REQUIREMENT
The entries below are to be transcribed in full, without their images.

DATA RECORDS
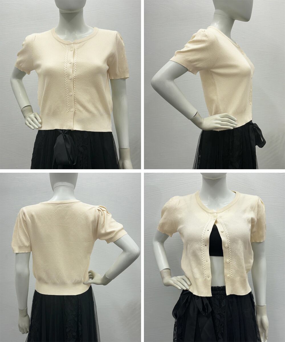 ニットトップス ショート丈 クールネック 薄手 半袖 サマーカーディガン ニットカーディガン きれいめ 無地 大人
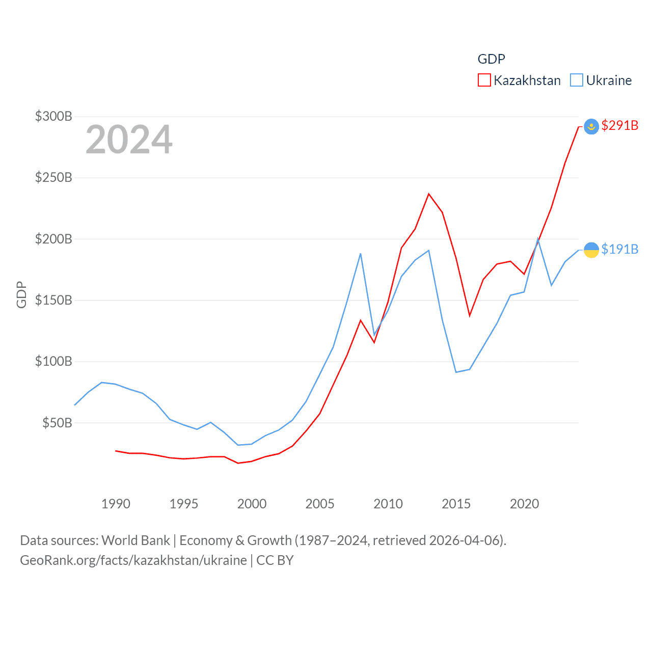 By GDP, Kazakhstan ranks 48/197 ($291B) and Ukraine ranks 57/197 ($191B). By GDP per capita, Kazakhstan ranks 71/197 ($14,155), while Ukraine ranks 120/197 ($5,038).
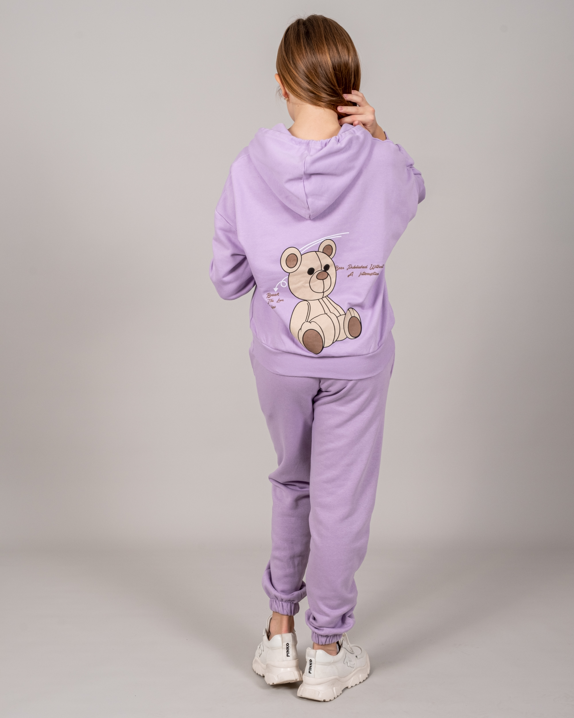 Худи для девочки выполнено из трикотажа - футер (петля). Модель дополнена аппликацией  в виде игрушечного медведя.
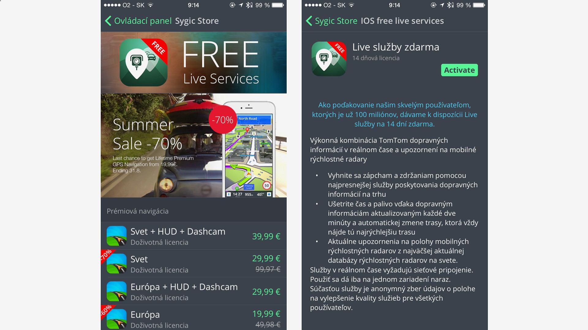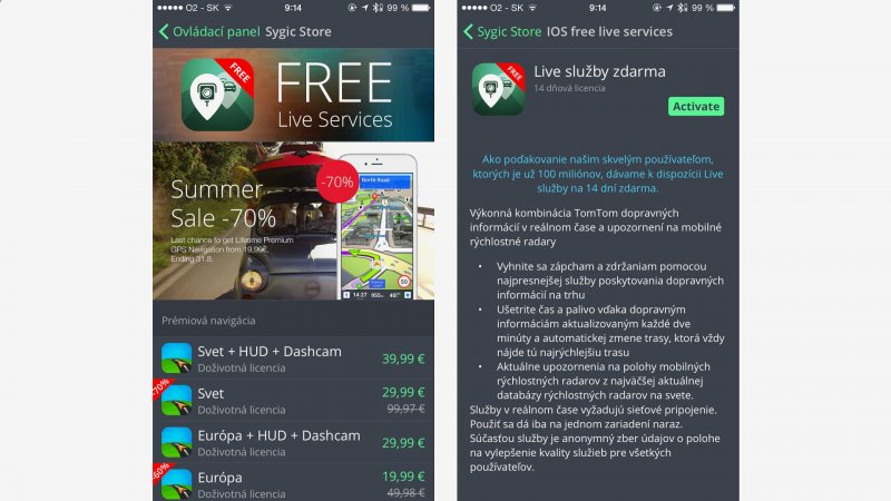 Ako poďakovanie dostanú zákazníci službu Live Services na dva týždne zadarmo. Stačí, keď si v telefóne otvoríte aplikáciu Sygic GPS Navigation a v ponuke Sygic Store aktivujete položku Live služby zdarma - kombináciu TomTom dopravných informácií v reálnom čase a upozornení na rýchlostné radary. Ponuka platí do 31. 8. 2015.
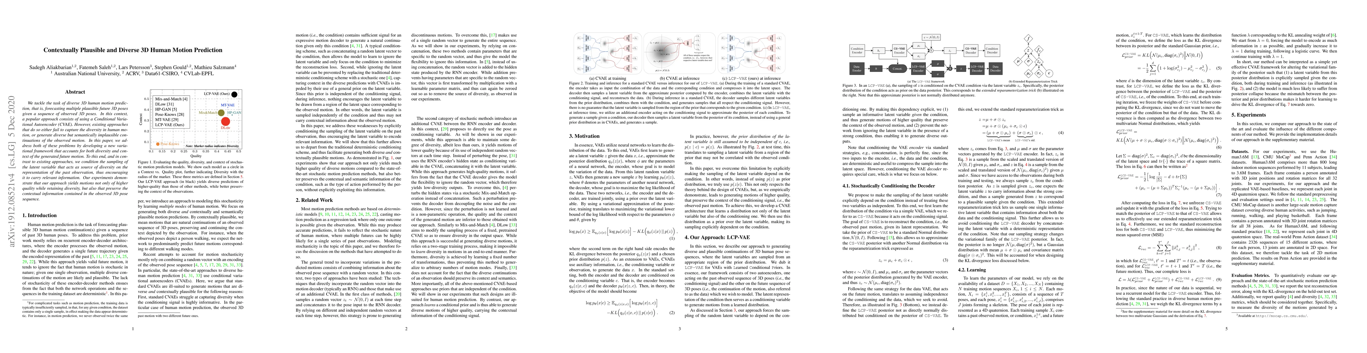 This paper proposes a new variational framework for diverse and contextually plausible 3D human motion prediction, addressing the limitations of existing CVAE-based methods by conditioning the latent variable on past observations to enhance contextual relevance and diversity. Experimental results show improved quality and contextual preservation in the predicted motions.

WRITTEN SOLUTION
 ニットトップス ショート丈 クールネック 薄手 半袖 サマーカーディガン ニットカーディガン きれいめ 無地 大人
 By GDP, Kazakhstan ranks 48/197 ($291B) and Ukraine ranks 57/197 ($191B). By GDP per capita, Kazakhstan ranks 71/197 ($14,155), while Ukraine ranks 120/197 ($5,038).
 Худи для девочки выполнено из трикотажа - футер (петля). Модель дополнена аппликацией  в виде игрушечного медведя.
 Ako poďakovanie dostanú zákazníci službu Live Services na dva týždne zadarmo. Stačí, keď si v telefóne otvoríte aplikáciu Sygic GPS Navigation a v ponuke Sygic Store aktivujete položku Live služby zdarma - kombináciu TomTom dopravných informácií v reálnom čase a upozornení na rýchlostné radary. Ponuka platí do 31. 8. 2015.
 This paper proposes a new variational framework for diverse and contextually plausible 3D human motion prediction, addressing the limitations of existing CVAE-based methods by conditioning the latent variable on past observations to enhance contextual relevance and diversity. Experimental results show improved quality and contextual preservation in the predicted motions.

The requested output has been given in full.